In other words, positivity and pro-social behavior is easily elicited by an initial gesture of goodwill. If you live in a world of dipoles, it is useful to learn to elicit their positive poles. In Pan's book, this means passersby will freely wave and smile back if you do it first. In math research, this means strangers rarely invite me to initiate new collaborations, but if I make the invitation, they almost always accept.
While dipole nature is understandable, comprehensible, and not a bit reprehensible, there is another, rarer way of being. There are those happy few who have monopole nature, who wear a single, immutable face regardless of the company. In a world full of dipoles, the whole social environment reorients itself around monopoles.
There are negative monopoles, of course.
That aunt that criticizes every meal and calls every child fat, in private and in public.
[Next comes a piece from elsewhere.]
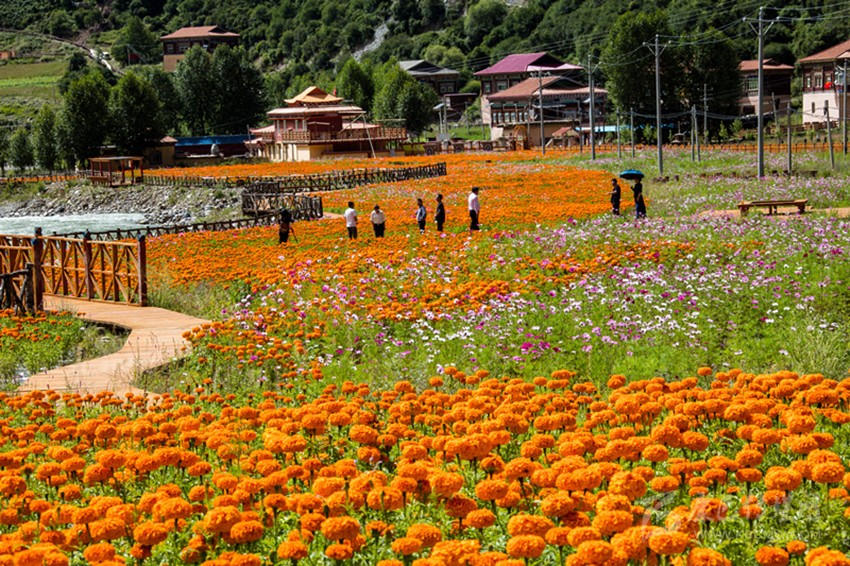 白玉縣麻絨鄉(xiāng)德來村萬壽菊種植基地給當(dāng)?shù)卮迕駧碇赂幌M?本網(wǎng)資料庫圖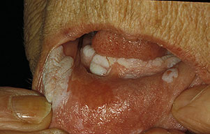 - Early lesions appear as white, translucent patches on an erythematous base. They may develop in previous areas of leukoplakia, lichen planus,8,9 chronic lupus erythematosus, cheilitis, candidiasis, or submucous fibrosis.

Everyone tacitly dislikes but tolerates her for the sake of family. At Thanksgiving, the whole family walks on eggshells around her to minimize the electric potential and keep the peace.
That aggressive, spoiled brat in your son's kindergarten class who somehow still gets invited to every birthday party. When he comes to the parents' table to demand a third slice of cake, he is greeted by a sea of smiles. But those smiles do not reach eyes.
There are also positive monopoles, folks who are relentlessly pro-social and never bend the knee. Those described rightfully by words like "courage," and "integrity." We all have our personal heroes who embody these traits - I will not pollute your image with descriptions of mine. If the first step is to come to terms with our own dipole nature, the next step is to aspire to a positive monopole nature.
But it must be said that even to verify whether one has monopole nature is not easy - it is not enough to check that in this one electric field, the molecule moves like a positive charge. This is why the heroes of the best novels are tested by many ordeals, of a variety of polarities.
Humans are like water; we have dipole nature. I hope this is as useful a metaphor for you as it has been for me.